The Prestige dataset is a data frame with 102 rows and 6 columns. Each row is an observation that relates to an occupation. The columns relate to predictors such as average years of education, percentage of women in the occupation, prestige of the occupation, etc.
# Load the dataset and utilities libraries
library(car)
library(tidyverse)
library(corrplot)
library(rgl)
library(rglwidget)
library(scatterplot3d)
library(knitr)
# knit_hooks$set(webgl = hook_webgl)# Inspect the data
head(Prestige)# View the data structure
str(Prestige)'data.frame': 102 obs. of 6 variables:
$ education: num 13.1 12.3 12.8 11.4 14.6 ...
$ income : int 12351 25879 9271 8865 8403 11030 8258 14163 11377 11023 ...
$ women : num 11.16 4.02 15.7 9.11 11.68 ...
$ prestige : num 68.8 69.1 63.4 56.8 73.5 77.6 72.6 78.1 73.1 68.8 ...
$ census : int 1113 1130 1171 1175 2111 2113 2133 2141 2143 2153 ...
$ type : Factor w/ 3 levels "bc","prof","wc": 2 2 2 2 2 2 2 2 2 2 ...# Summarize the data
summary(Prestige) education income women prestige census
Min. : 6.380 Min. : 611 Min. : 0.000 Min. :14.80 Min. :1113
1st Qu.: 8.445 1st Qu.: 4106 1st Qu.: 3.592 1st Qu.:35.23 1st Qu.:3120
Median :10.540 Median : 5930 Median :13.600 Median :43.60 Median :5135
Mean :10.738 Mean : 6798 Mean :28.979 Mean :46.83 Mean :5402
3rd Qu.:12.648 3rd Qu.: 8187 3rd Qu.:52.203 3rd Qu.:59.27 3rd Qu.:8312
Max. :15.970 Max. :25879 Max. :97.510 Max. :87.20 Max. :9517
type
bc :44
prof:31
wc :23
NA's: 4
Simple Linear Regression
The first part of the notebook illustrates a simple linear regression model. Our goal is to predict income using a single predictor education.

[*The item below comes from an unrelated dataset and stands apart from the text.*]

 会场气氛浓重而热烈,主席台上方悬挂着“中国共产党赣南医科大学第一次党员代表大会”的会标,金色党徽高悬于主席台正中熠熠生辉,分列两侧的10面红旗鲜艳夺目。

Education refers to the average number of years of education that exists in each profession.
# Subset the data to capture only `income` and `education`
prestige <- Prestige %>% dplyr::select(income, education)First, we’ll do some initial exploration of our variables.

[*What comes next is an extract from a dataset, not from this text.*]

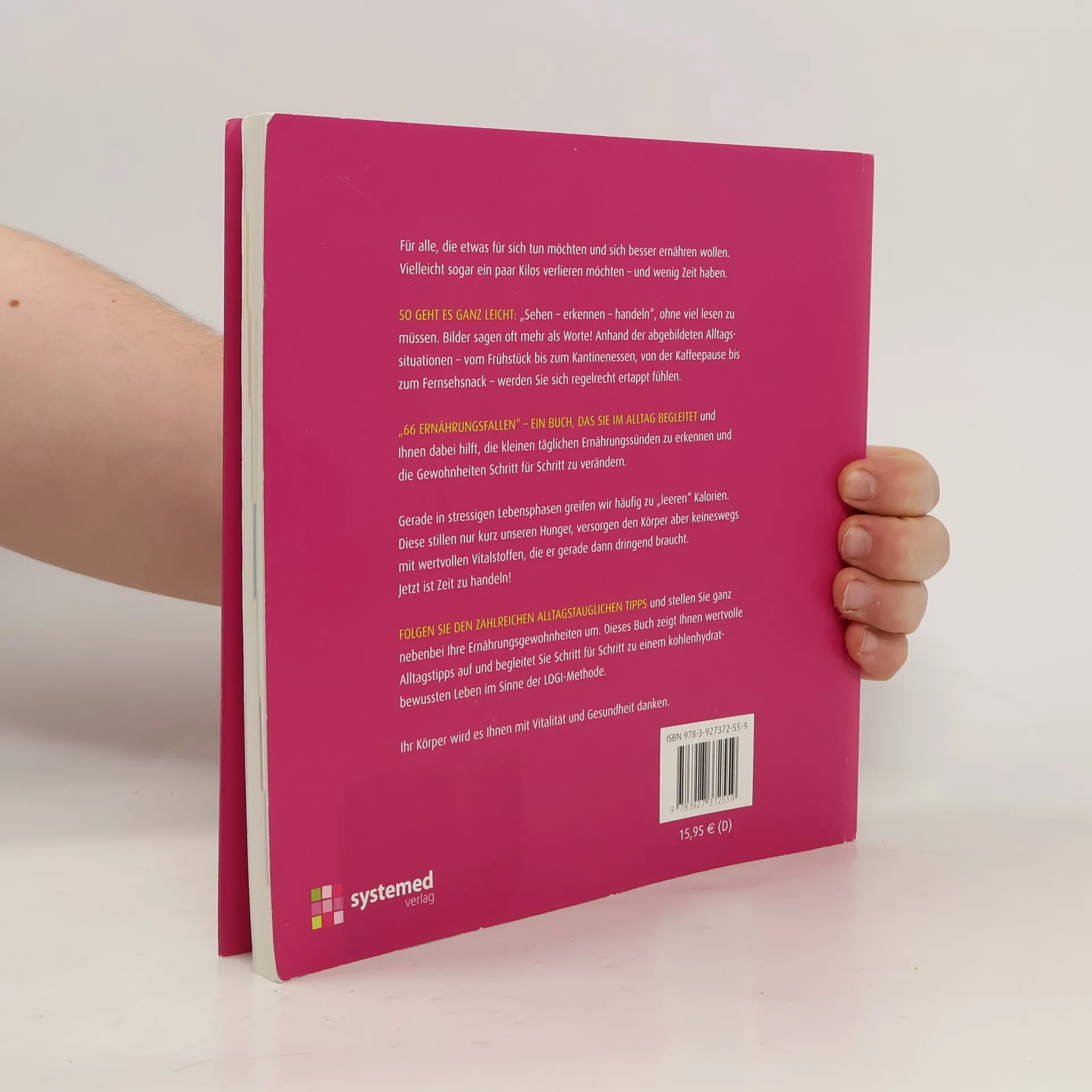 Der erste Low-Carb-Ratgeber seiner Art!Sehen, erkennen, handeln! In der Hektik des Alltags bleibt eine gesunde Ernährung oft auf der Strecke. Wir haben uns an zu viele Kohlenhydrate gewöhnt. Unsere Leistungsfähigkeit und Gesundheit leidet meist mit zunehmendem Körpergewicht.Wer für sich etwas ändern möchte, erhält in diesem Buch eine gezielte Hilfestellung. Bilder sagen mehr als Worte. Vom Frühstück zum Kantinenessen, von der Kaffeepause bis zum Fernsehsnack - anhand der abgebildeten Alltagssituationen fühlen Sie sich regelrecht ertappt. Das Buch veranschaulicht bildlich die gängigsten Ernährungsfallen. Sie werden sich in einzelnen Situationen wiederfinden und erkennen, dass es ganz einfach ist, Tag für Tag eine Kleinigkeit zu ändern.Hier steht Ihnen das Buch mit wertvollen Alltagstipps für die Umsetzung zur Seite und begleitet Sie auf Ihrem Weg zu einem kohlenhydratbewussten Leben im Sinne der LOGI-Methode.

We use histogram to inspect how the variables are distributed.
# Histogram of `education`
ggplot(prestige, aes(x = education)) +
geom_histogram(binwidth = 1) +
geom_vline(xintercept = mean(prestige$education),
color = "indianred") +
geom_vline(xintercept = median(prestige$education),
color = "cornflowerblue")
# Histogram of `income`
ggplot(prestige, aes(x = income)) +
geom_histogram(binwidth = 1000) +
geom_vline(xintercept = mean(prestige$income),
color = "indianred") +
geom_vline(xintercept = median(prestige$income),
color = "cornflowerblue")
Now we draw a scatterplot to visualize their relationship.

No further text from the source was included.